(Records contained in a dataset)
+-------+

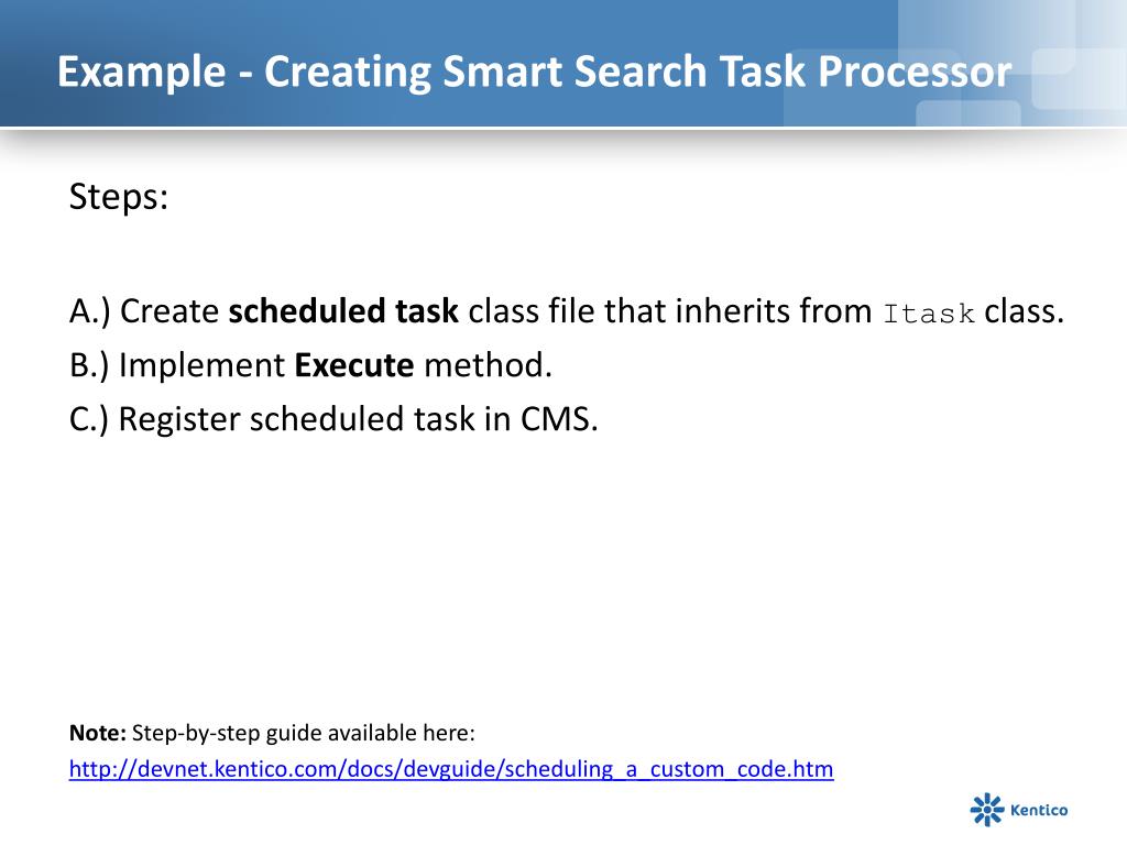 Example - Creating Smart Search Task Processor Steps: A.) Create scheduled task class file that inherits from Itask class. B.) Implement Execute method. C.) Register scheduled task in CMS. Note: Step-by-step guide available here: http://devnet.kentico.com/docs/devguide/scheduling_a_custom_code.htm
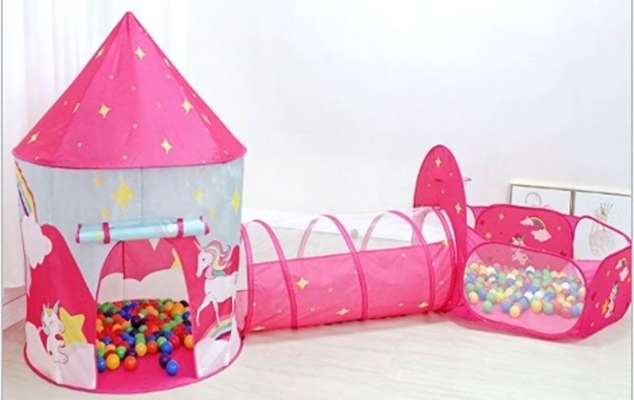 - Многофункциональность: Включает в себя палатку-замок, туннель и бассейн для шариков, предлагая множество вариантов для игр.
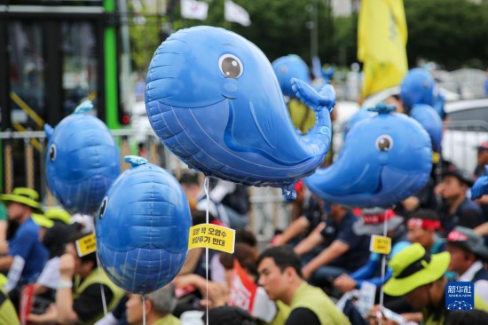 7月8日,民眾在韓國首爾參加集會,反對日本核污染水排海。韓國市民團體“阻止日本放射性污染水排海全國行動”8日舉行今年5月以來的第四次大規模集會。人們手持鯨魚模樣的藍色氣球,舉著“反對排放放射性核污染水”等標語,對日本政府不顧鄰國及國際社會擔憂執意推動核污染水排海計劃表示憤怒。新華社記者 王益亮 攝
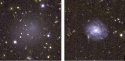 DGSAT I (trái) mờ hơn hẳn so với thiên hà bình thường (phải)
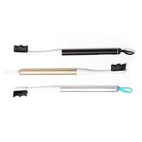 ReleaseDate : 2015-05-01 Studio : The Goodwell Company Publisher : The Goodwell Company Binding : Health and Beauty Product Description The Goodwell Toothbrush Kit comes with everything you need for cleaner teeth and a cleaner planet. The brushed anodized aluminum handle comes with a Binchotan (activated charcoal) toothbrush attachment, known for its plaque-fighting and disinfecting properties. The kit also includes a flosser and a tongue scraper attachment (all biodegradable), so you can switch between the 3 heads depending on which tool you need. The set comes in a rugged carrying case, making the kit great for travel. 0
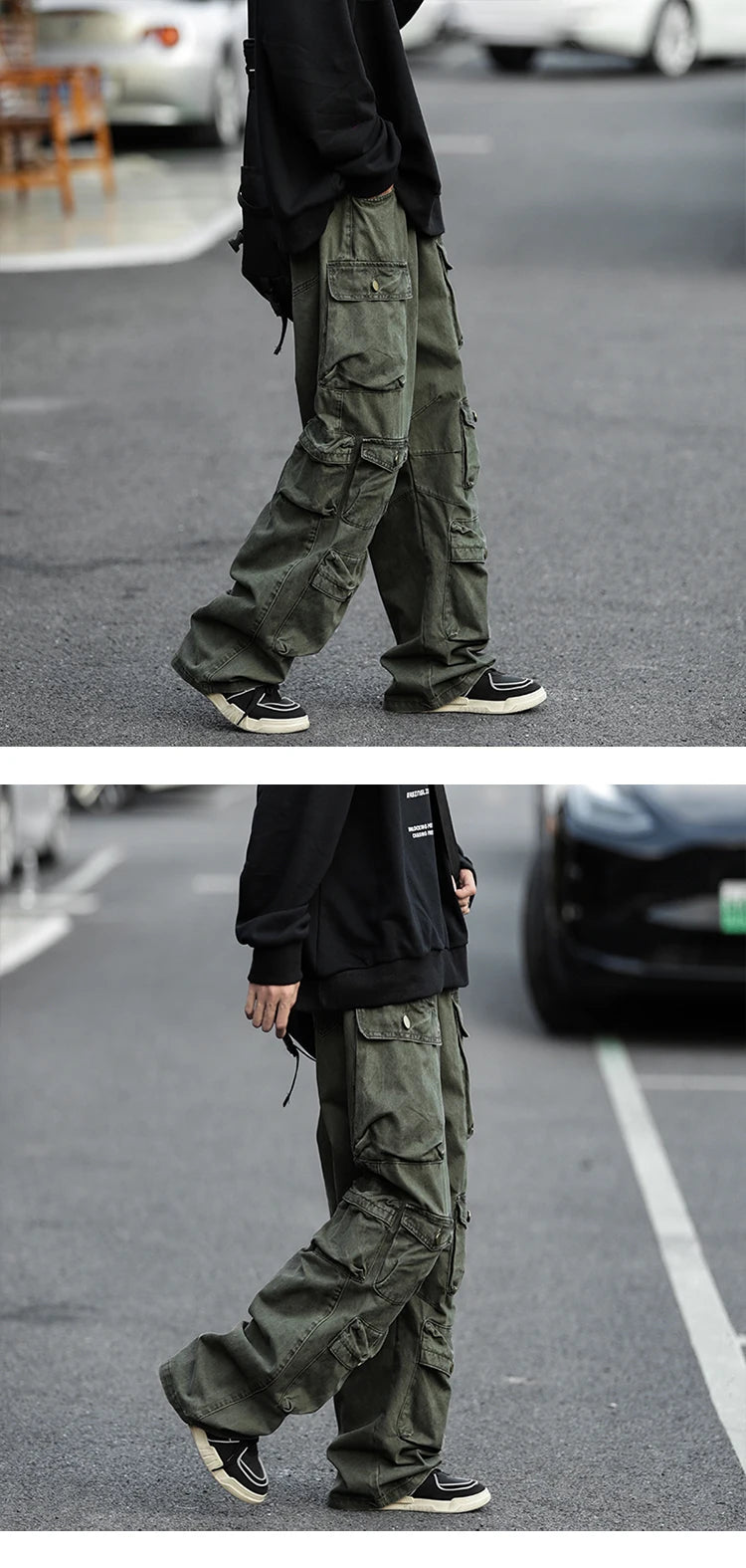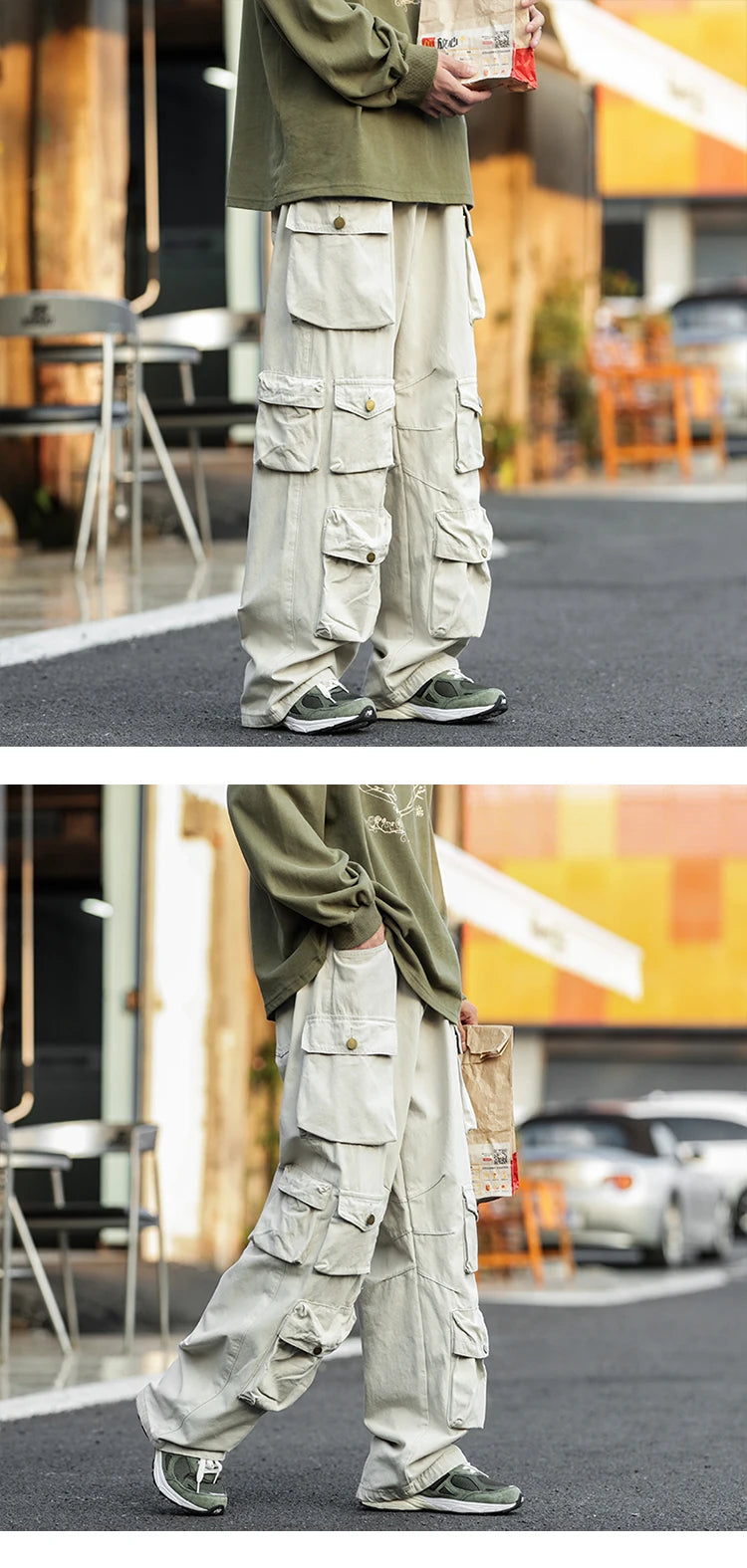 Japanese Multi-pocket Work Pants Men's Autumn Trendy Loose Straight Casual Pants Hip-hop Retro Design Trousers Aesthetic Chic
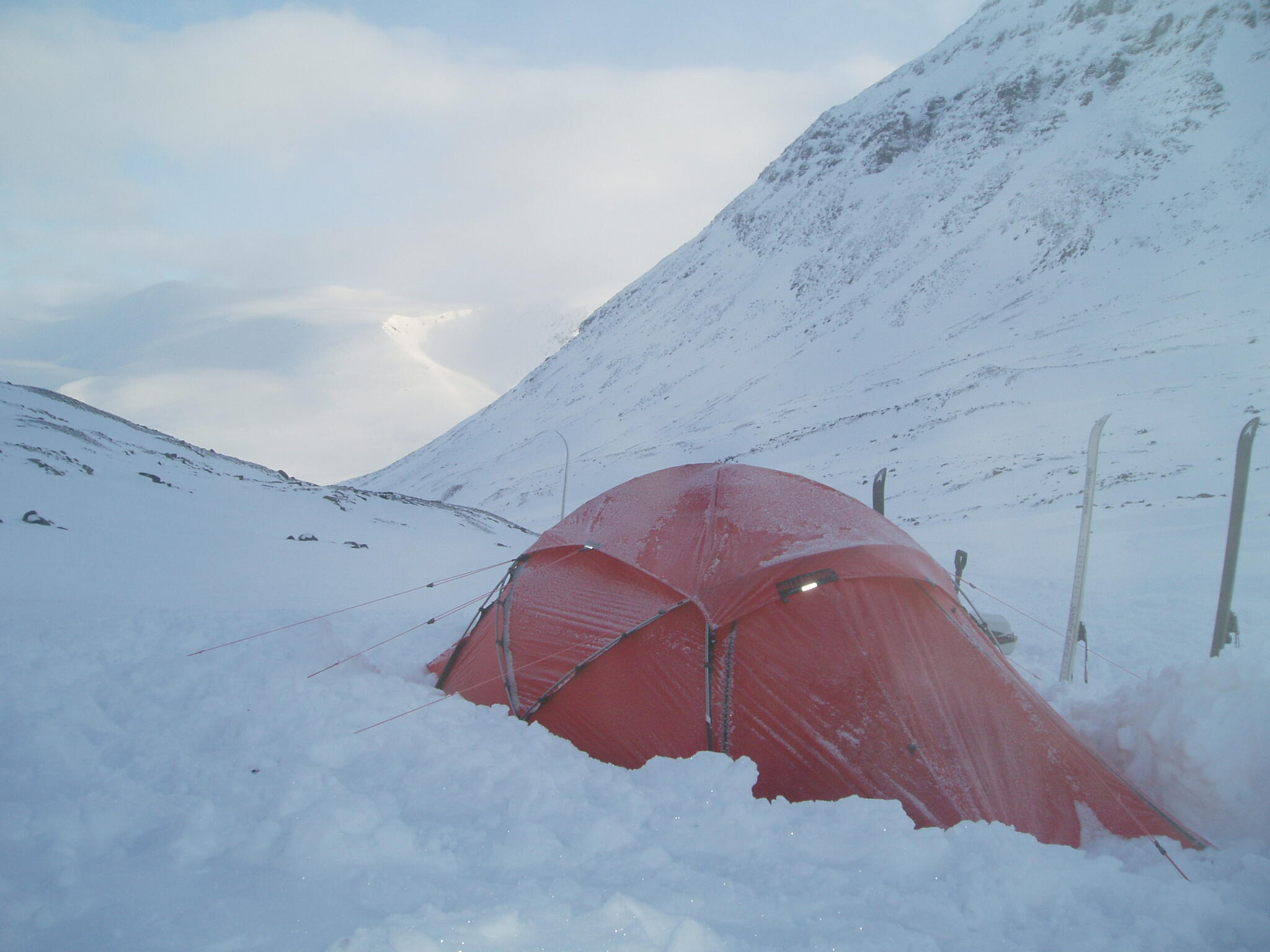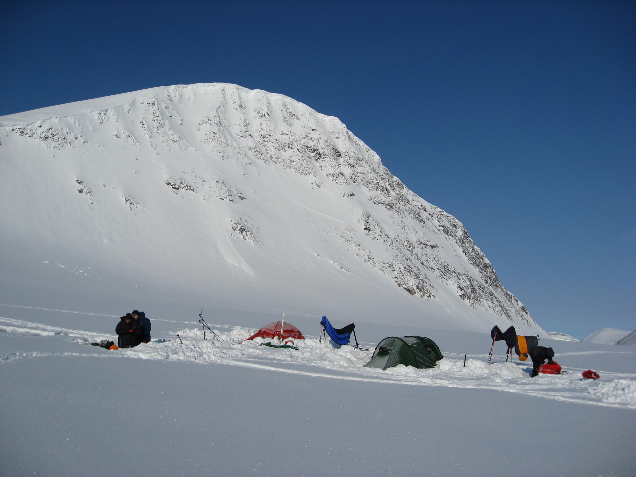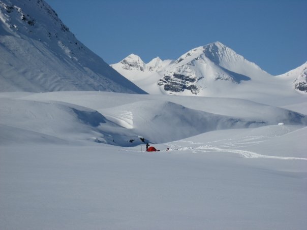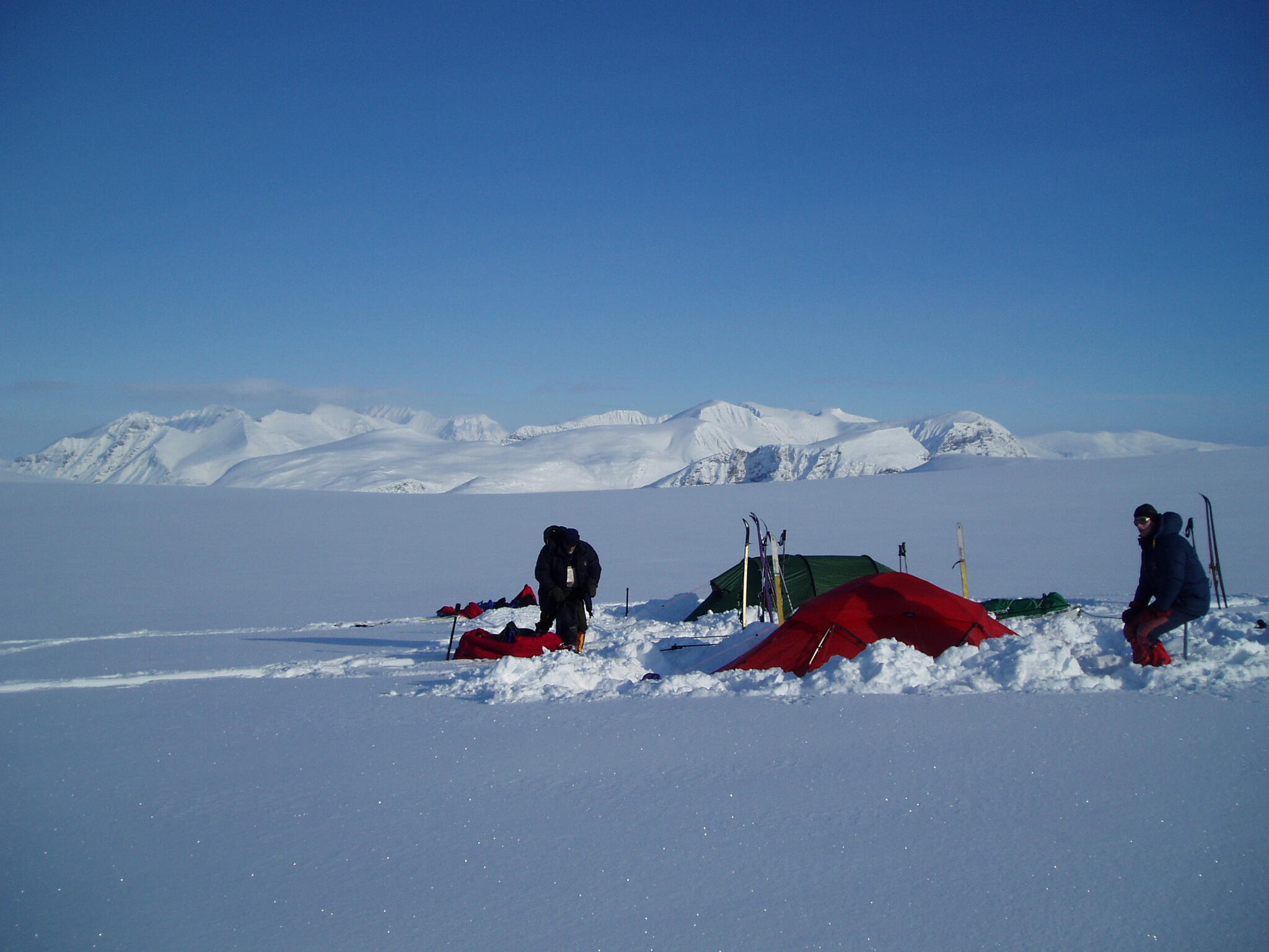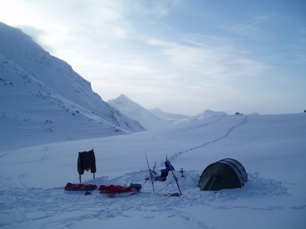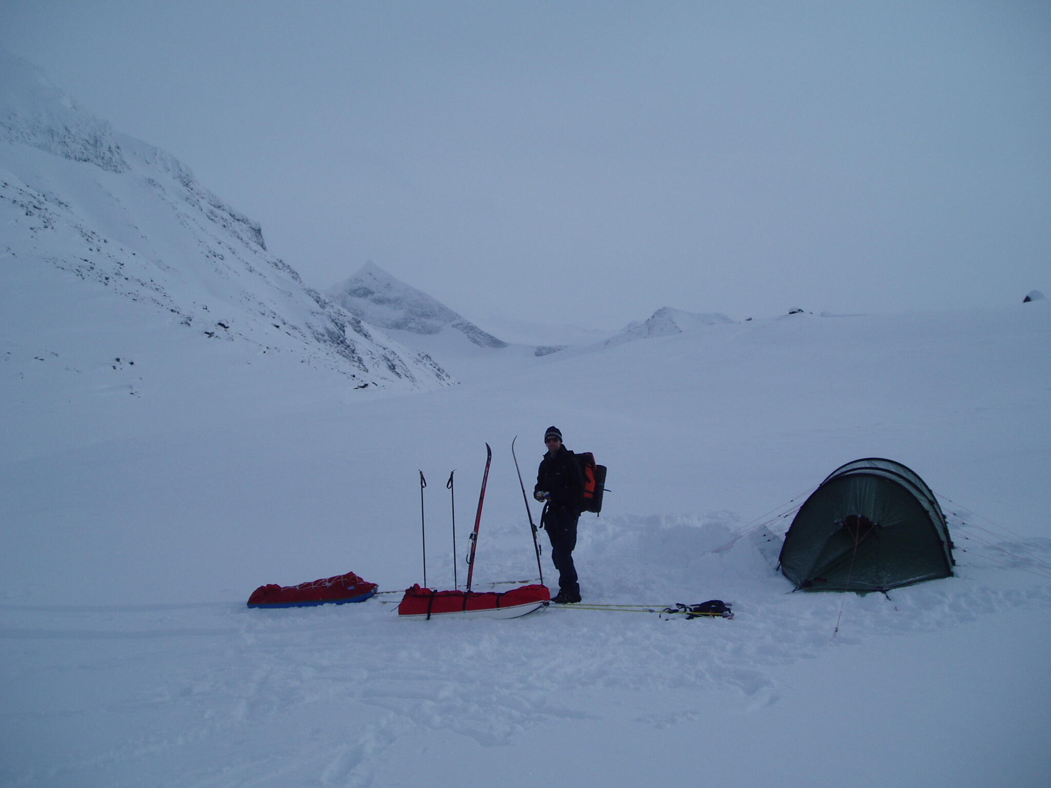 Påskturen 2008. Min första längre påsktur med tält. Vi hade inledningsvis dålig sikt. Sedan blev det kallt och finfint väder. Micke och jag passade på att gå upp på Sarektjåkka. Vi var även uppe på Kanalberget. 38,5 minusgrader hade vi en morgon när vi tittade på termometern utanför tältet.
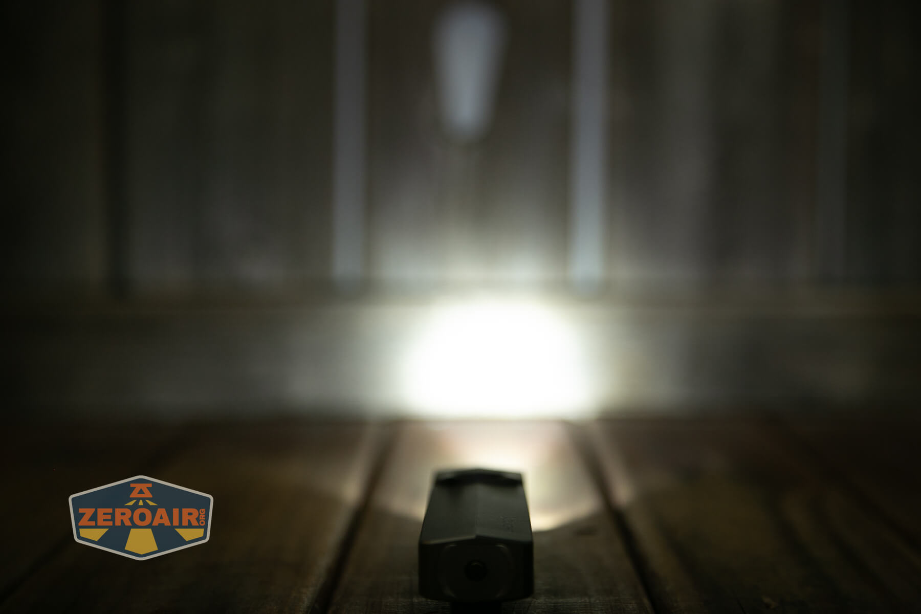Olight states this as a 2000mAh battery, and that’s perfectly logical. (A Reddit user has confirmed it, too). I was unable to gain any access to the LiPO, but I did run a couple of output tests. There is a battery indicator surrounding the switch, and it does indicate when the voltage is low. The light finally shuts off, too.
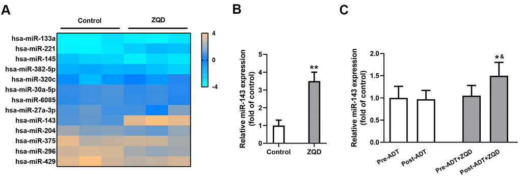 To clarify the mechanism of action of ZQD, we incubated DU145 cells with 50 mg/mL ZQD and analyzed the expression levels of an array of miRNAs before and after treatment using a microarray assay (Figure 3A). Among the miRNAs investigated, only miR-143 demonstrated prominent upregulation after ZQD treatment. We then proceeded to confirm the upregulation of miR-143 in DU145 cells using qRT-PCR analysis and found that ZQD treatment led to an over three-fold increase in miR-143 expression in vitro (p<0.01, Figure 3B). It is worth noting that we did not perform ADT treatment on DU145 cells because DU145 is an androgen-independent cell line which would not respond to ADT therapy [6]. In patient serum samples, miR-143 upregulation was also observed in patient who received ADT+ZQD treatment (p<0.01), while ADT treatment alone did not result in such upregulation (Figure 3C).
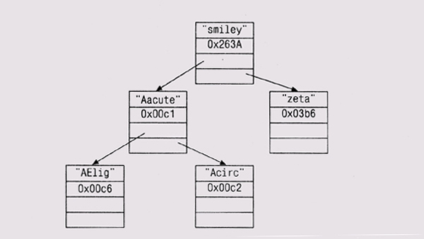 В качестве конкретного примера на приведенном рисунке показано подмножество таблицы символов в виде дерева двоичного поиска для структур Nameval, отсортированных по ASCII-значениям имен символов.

+-------+

> **Task directions**
Could you set down every record above word for word, leaving out the pictures?

> **Reply**
 Example - Creating Smart Search Task Processor Steps: A.) Create scheduled task class file that inherits from Itask class. B.) Implement Execute method. C.) Register scheduled task in CMS. Note: Step-by-step guide available here: http://devnet.kentico.com/docs/devguide/scheduling_a_custom_code.htm
 - Многофункциональность: Включает в себя палатку-замок, туннель и бассейн для шариков, предлагая множество вариантов для игр.
 7月8日,民眾在韓國首爾參加集會,反對日本核污染水排海。韓國市民團體“阻止日本放射性污染水排海全國行動”8日舉行今年5月以來的第四次大規模集會。人們手持鯨魚模樣的藍色氣球,舉著“反對排放放射性核污染水”等標語,對日本政府不顧鄰國及國際社會擔憂執意推動核污染水排海計劃表示憤怒。新華社記者 王益亮 攝
 DGSAT I (trái) mờ hơn hẳn so với thiên hà bình thường (phải)
 ReleaseDate : 2015-05-01 Studio : The Goodwell Company Publisher : The Goodwell Company Binding : Health and Beauty Product Description The Goodwell Toothbrush Kit comes with everything you need for cleaner teeth and a cleaner planet. The brushed anodized aluminum handle comes with a Binchotan (activated charcoal) toothbrush attachment, known for its plaque-fighting and disinfecting properties. The kit also includes a flosser and a tongue scraper attachment (all biodegradable), so you can switch between the 3 heads depending on which tool you need. The set comes in a rugged carrying case, making the kit great for travel. 0
 Japanese Multi-pocket Work Pants Men's Autumn Trendy Loose Straight Casual Pants Hip-hop Retro Design Trousers Aesthetic Chic
 Påskturen 2008. Min första längre påsktur med tält. Vi hade inledningsvis dålig sikt. Sedan blev det kallt och finfint väder. Micke och jag passade på att gå upp på Sarektjåkka. Vi var även uppe på Kanalberget. 38,5 minusgrader hade vi en morgon när vi tittade på termometern utanför tältet.
Olight states this as a 2000mAh battery, and that’s perfectly logical. (A Reddit user has confirmed it, too). I was unable to gain any access to the LiPO, but I did run a couple of output tests. There is a battery indicator surrounding the switch, and it does indicate when the voltage is low. The light finally shuts off, too.
 To clarify the mechanism of action of ZQD, we incubated DU145 cells with 50 mg/mL ZQD and analyzed the expression levels of an array of miRNAs before and after treatment using a microarray assay (Figure 3A). Among the miRNAs investigated, only miR-143 demonstrated prominent upregulation after ZQD treatment. We then proceeded to confirm the upregulation of miR-143 in DU145 cells using qRT-PCR analysis and found that ZQD treatment led to an over three-fold increase in miR-143 expression in vitro (p<0.01, Figure 3B). It is worth noting that we did not perform ADT treatment on DU145 cells because DU145 is an androgen-independent cell line which would not respond to ADT therapy [6]. In patient serum samples, miR-143 upregulation was also observed in patient who received ADT+ZQD treatment (p<0.01), while ADT treatment alone did not result in such upregulation (Figure 3C).
 В качестве конкретного примера на приведенном рисунке показано подмножество таблицы символов в виде дерева двоичного поиска для структур Nameval, отсортированных по ASCII-значениям имен символов.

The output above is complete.